# Millennium Mills on fire



## UrbanX (Feb 5, 2015)

Not good...







http://www.newhamrecorder.co.uk/news/firefighters_tackling_blaze_at_millennium_mills_1_3945109

Strange so many places seem to catch fire after they get granted permission for new homes...


----------



## UE-OMJ (Feb 5, 2015)

Cripes!!!


----------



## SlimJim (Feb 5, 2015)

Holy crud! Not good...not good... I wonder how safe it's going to be to explore  Haven't seen it yet  It seems like once the decline of a building like this starts, it's fate is truly sealed  Sad stuff.


----------



## UE-OMJ (Feb 5, 2015)

There will be retirement homes there before the end of the year....


----------



## Conrad (Feb 5, 2015)

"Contractors working on the £12m project to transform the former Royal Docks flour mill were burning steel on the ninth floor, causing sparks to fall through holes in the floors and set alight to waste below." 

Can someone with the relevant know how fill me in, how do you "burn steel"? Is this welding or burning steel wool being thrown through holes in the floor? -_-


----------



## mookster (Feb 5, 2015)

Konrad said:


> "Contractors working on the £12m project to transform the former Royal Docks flour mill were burning steel on the ninth floor, causing sparks to fall through holes in the floors and set alight to waste below."
> 
> Can someone with the relevant know how fill me in, how do you "burn steel"? Is this welding or burning steel wool being thrown through holes in the floor? -_-



The more than likely explanation is they were using cutting tools such as plasma cutters etc to 'burn through' ie cut up the steel into sections to be removed, and the sparks created set fire to the waste.

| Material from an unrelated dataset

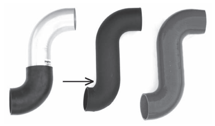
aFe steel/rubber Torque Tube (Left), aFe plastic Torque Booster tube (Middle), DPP silicone rubber Cool Tube (Right). Note tight bend in plastic tube (arrow) which increases air flow restriction

Will replacing the stock intake tube with an aftermarket tube produce more power? All three aftermarket intake tubes tested did improve horsepower, torque and turbo boost response over the stock intake with or without the silencer installed. Are the slight improvements worth the money? You be the judge. As a rule, the tubes with the larger inside diameter and bend radius will have less airflow resistance and provide slight improvement in power. The tubes with the largest inside diameter and bend radius were the DPP "Cool Tube" and aFe steel "Torque Tube." Consequently, these two tubes made slightly more power than the aFe plastic tube. See Tests 22, 23 and 24. Our testing shows that inside tube diameters that are larger than four inches have no power gain on engines that produce less than 400 rear wheel horsepower.

It probably looks worse than it actually is because other than stud walls and the areas of wooden floor there really is sod all in there to burn.


----------



## Conrad (Feb 5, 2015)

mookster said:


> The more than likely explanation is they were using cutting tools such as plasma cutters etc to 'burn through' ie cut up the steel into sections to be removed, and the sparks created set fire to the waste. It probably looks worse than it actually is because other than stud walls and the areas of wooden floor there really is sod all in there to burn.

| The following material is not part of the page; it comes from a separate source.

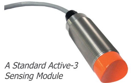
A Standard Active-3 Sensing Module

The Sensing Module of the Active-3 Torque Sensor is placed in a 30 mm diameter, industrial grade housing, and is designed for a specific Test-Object (shaft) diameter.

Ah, thanks I follow. I hope the contractor isn't feeling too bad, assuming that its a legit accident.


----------



## LittleOz (Feb 6, 2015)

Doh, not the ideal place for the builders to be spinning steel wool.


----------



## Dirus_Strictus (Feb 6, 2015)

UrbanX said:


> Not good...
> Strange so many places seem to catch fire after they get granted permission for new homes.



Actually not strange at all - if fire starts during the conversion work. Major conversion work on buildings of this type always require the cutting of old structural steelwork with oxy-acetylene cutting gear - warm up the metal to red heat and then increase the oxygen flow. The thin strip of molten steel thus produced is blown into the surrounding air in a shower of molten globules of steal. Fires produced in this way are very common - usually dealt with by the cutting team using a water spray, any molten metal that falls into hidden spaces can soon cause a serious conflagration.


----------



## westinghouse (Feb 6, 2015)

I can see this building from my office window, it's not one of about 75 properties I look after in say a 5 mile radius to the north and east of its location. there is however massive investment coming in the area so a new lease of life for the old girl would be good. some fascinating history surrounds the docklands area. houses with cracks wide enough to put your arm into from when the Germans visited.


----------